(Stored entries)

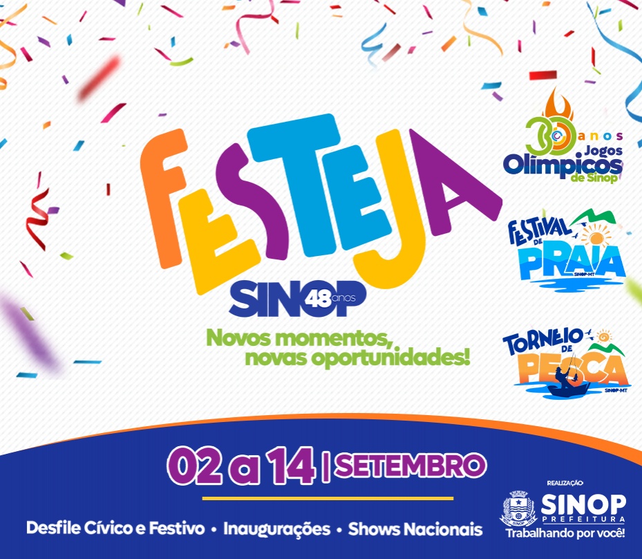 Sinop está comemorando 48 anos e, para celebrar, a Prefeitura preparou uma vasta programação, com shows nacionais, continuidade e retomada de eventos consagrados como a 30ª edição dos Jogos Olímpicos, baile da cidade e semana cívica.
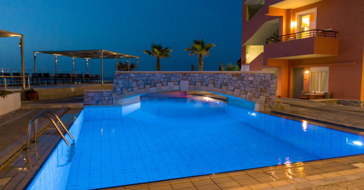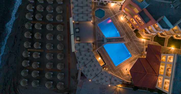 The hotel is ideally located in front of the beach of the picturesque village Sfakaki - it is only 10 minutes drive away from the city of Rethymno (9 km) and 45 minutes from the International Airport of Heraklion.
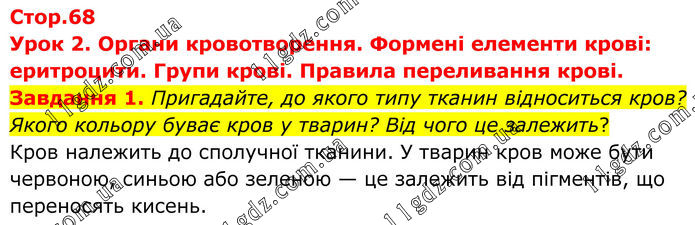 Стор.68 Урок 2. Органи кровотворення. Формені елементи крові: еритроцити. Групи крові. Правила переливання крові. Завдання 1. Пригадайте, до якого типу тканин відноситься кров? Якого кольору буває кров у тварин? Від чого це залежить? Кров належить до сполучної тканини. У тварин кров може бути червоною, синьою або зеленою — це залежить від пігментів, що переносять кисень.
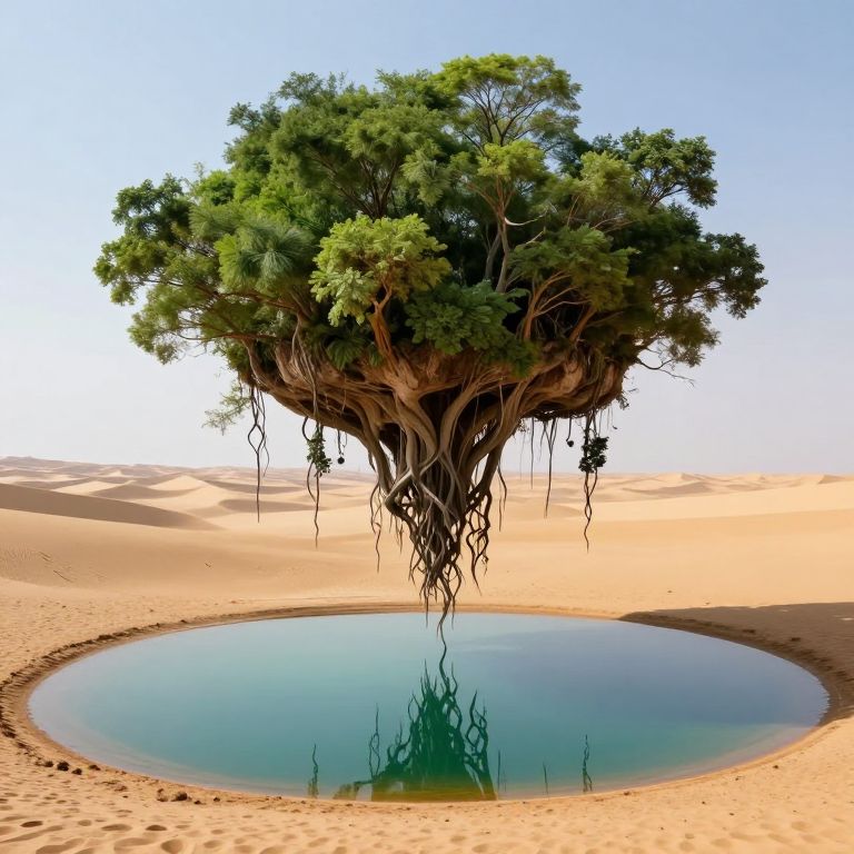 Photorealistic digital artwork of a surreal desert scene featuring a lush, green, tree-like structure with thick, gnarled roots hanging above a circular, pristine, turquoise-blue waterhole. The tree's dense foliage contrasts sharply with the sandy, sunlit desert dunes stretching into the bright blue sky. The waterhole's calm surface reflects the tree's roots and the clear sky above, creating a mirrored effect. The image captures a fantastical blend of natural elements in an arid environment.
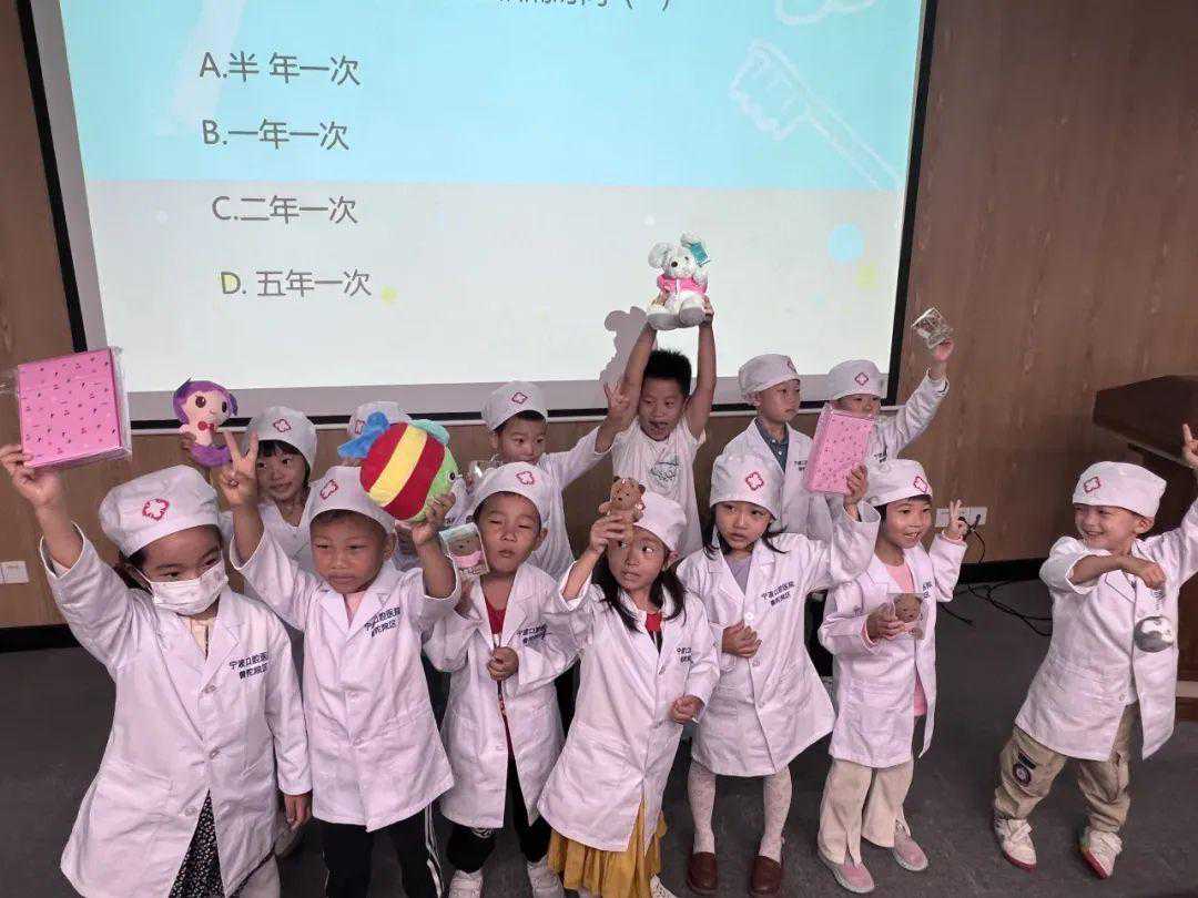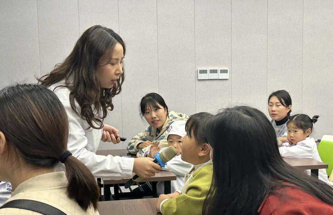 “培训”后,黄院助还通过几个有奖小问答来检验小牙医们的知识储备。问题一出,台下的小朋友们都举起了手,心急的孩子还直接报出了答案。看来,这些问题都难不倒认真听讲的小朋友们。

» **Problem statement**
Find "The hotel is" in the entries, then reproduce that line and each line after it exactly, through the last one. Pictures do not go in.

» **Your solution**
 The hotel is ideally located in front of the beach of the picturesque village Sfakaki - it is only 10 minutes drive away from the city of Rethymno (9 km) and 45 minutes from the International Airport of Heraklion.
 Стор.68 Урок 2. Органи кровотворення. Формені елементи крові: еритроцити. Групи крові. Правила переливання крові. Завдання 1. Пригадайте, до якого типу тканин відноситься кров? Якого кольору буває кров у тварин? Від чого це залежить? Кров належить до сполучної тканини. У тварин кров може бути червоною, синьою або зеленою — це залежить від пігментів, що переносять кисень.
 Photorealistic digital artwork of a surreal desert scene featuring a lush, green, tree-like structure with thick, gnarled roots hanging above a circular, pristine, turquoise-blue waterhole. The tree's dense foliage contrasts sharply with the sandy, sunlit desert dunes stretching into the bright blue sky. The waterhole's calm surface reflects the tree's roots and the clear sky above, creating a mirrored effect. The image captures a fantastical blend of natural elements in an arid environment.
 “培训”后,黄院助还通过几个有奖小问答来检验小牙医们的知识储备。问题一出,台下的小朋友们都举起了手,心急的孩子还直接报出了答案。看来,这些问题都难不倒认真听讲的小朋友们。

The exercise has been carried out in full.